Penulis: Ahmad Syarifudin | Editor: Gaya Lufityanti
TRIBUNJOGJA.COM, BANTUL - Komisi Pemilihan Umum (KPU) Kabupaten Bantul terus mematangkan berbagai persiapan menjelang Pemilihan Bupati dan Wakil Bupati (Pilkada) tahun 2020.
Di antaranya dengan membuka layanan help desk.
Ketua KPU Bantul, Didik Joko Nugroho mengatakan, layanan help desk bertujuan untuk memberikan pelayanan kepada masyarakat yang ingin berkonsultasi mengenai kegiatan yang berkaitan dengan pemilihan Bupati dan Wakil Bupati Bantul 2020. Khusunya untuk tahapan pencalonan, baik yang melalui jalur perseorangan maupun jalur partai politik.

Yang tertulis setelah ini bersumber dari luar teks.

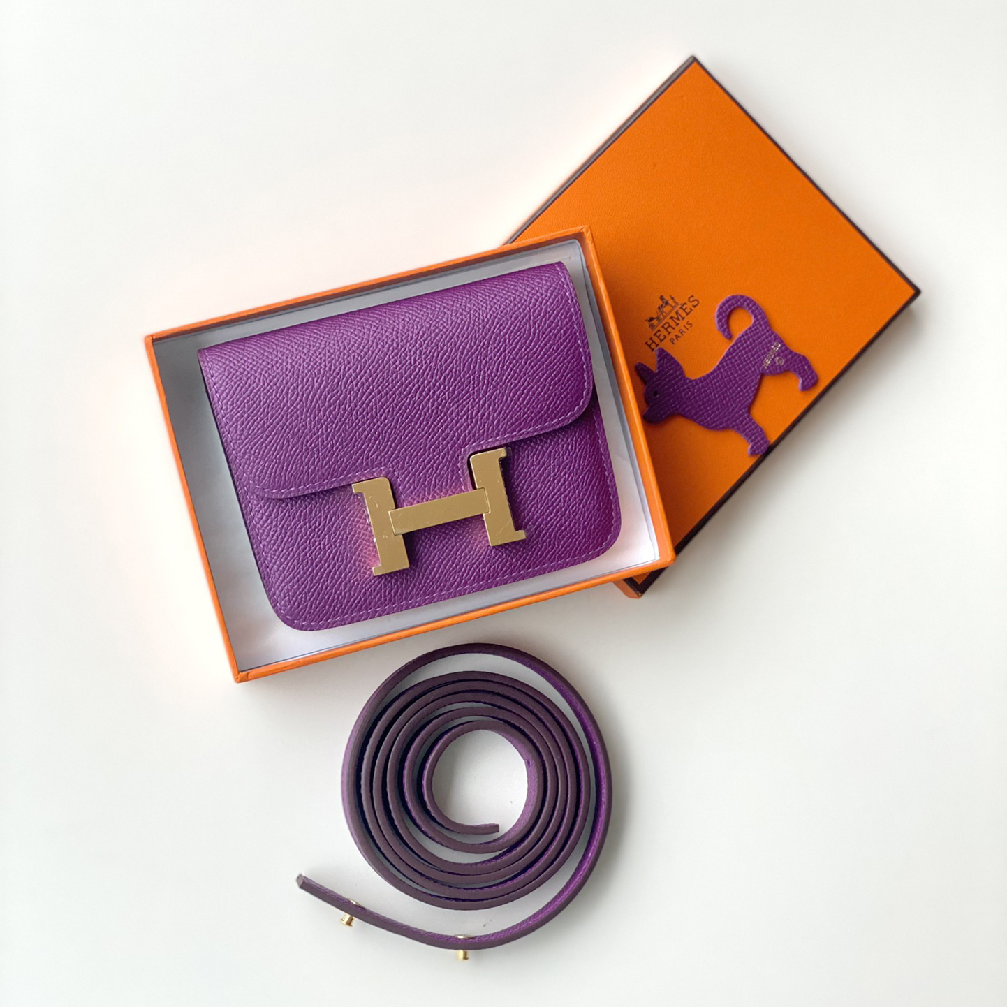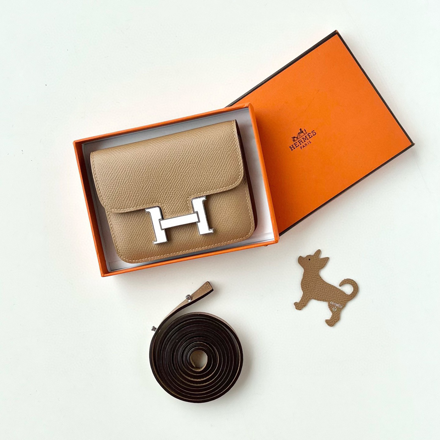 NIGO Hermes Constance Slim Women's Solid Color Leather Metal Buckle Epson Cowhide Waistlet Wallet Bag Bags #nigo74676
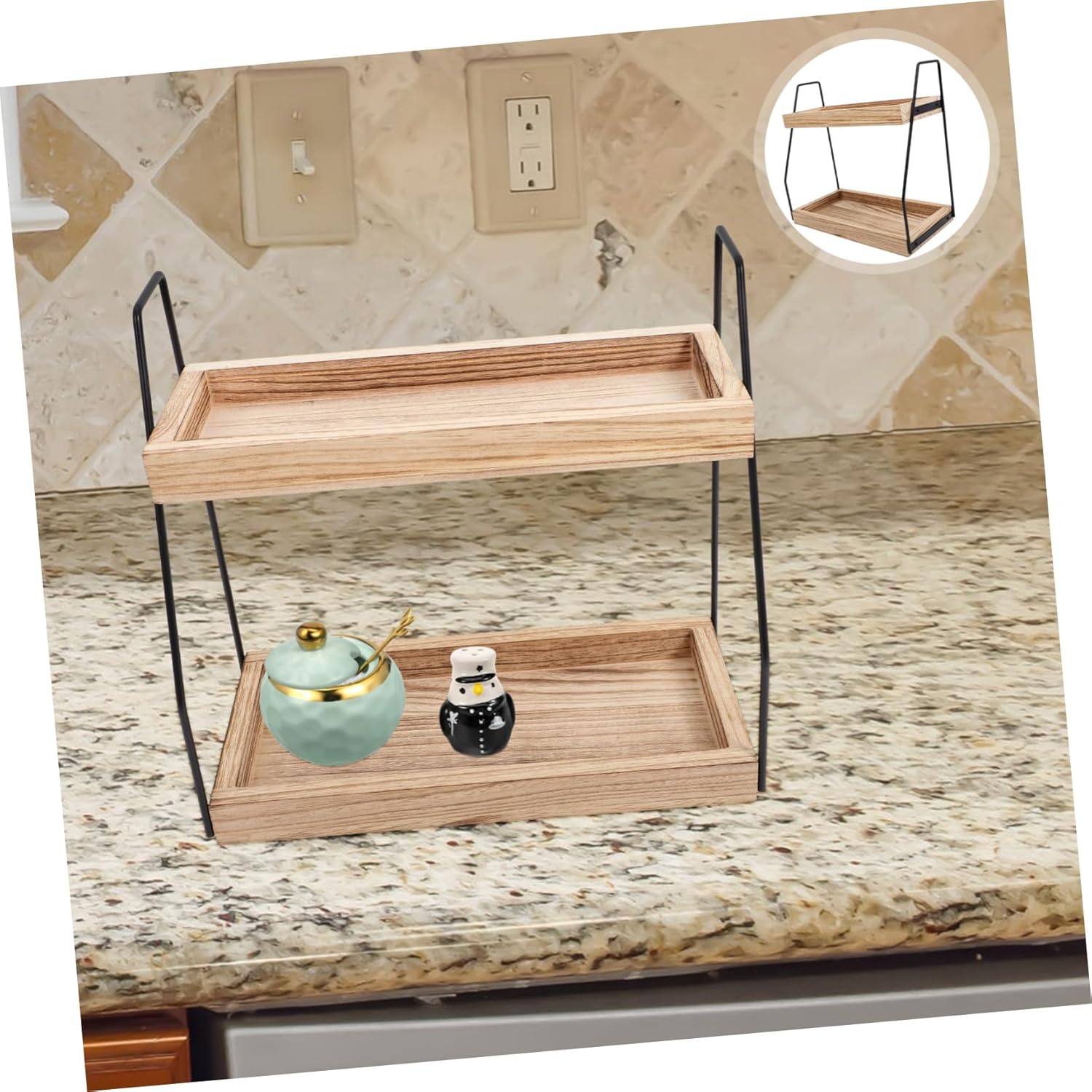 Package Include 1 x storage rack Features -Size:35.50X33.00X17.00cm/13.95X12.97X6.68in bathroom counter organizer men -Color:Multi wooden makeup organizer -Product Info:Wooden storage rack -Material:Wood, stand station - Simple structure, strong bearing capacity, can store and organize more items, bringing you great using feeling small bathroom counter organizer. - This storage rack is made of iron and wood materials, ensuring its durability and making it easy to maintain kitchen counter shelves. - Ideal for organizing not only makeup but also other items, providing a neat and tidy storage solution bathroom organizer. - Maximizes the available storage space in your kitchen while ensuring that your living space remains clean and organized boho bathroom. - The multifunctional tabletop design of this storage rack makes it suitable for various uses, providing versatility and convenience kitchen countertop organiser.Goods Informationbathroom counter tray The wooden desktop storage rack is made of iron and is suitable for bathroom and kitchen use.wood makeup organizer It provides ample storage space with its two-tier design.coffee station organizer rack The multi-functional design makes it suitable for various places.coffee mug shelf The material ensures stability and reliability

"Layanan help desk ini telah dimulai sejak tanggal 4 Desember lalu. Dibuka Senin sampai Jumat. Mulai pukul 08.00 WIB sampai dengan 16.00 WIB," katanya, Senin (16/12/2019).
• Jelang Pilkada 2020, KPU Bantul Siapkan Pengumuman untuk Calon Perseorangan
Didik menjelaskan, sesuai tahapan yang tercantum dalam PKPU nomor 18 tahun 2019 tentang pencalonan, saat ini, untuk pencalonan jalur perseorangan sudah secara intensif dijalankan.
Ia mengingatkan bahwa syarat maju calon perseorangan harus mengumpulkan dukungan minimal sebanyak 53.026 orang dan tersebar paling sedikit di 9 kecamatan seKabupaten Bantul.
Dukungan yang terkumpul kemudian harus dituangkan dalam form model B.1-KWK dengan ditempel fotokopi KTP elektronik sang pendukung.
"Setelahnya, dukungan itu harus diinput ke dalam system informasi pencalonan (SILON)," terang Didik.
Menurut dia, untuk menjalankan aplikasi SILON ini bakal pasangan calon harus menunjuk petugas operator SILON yang bertugas melakukan input data pendukung ke dalam aplikasi.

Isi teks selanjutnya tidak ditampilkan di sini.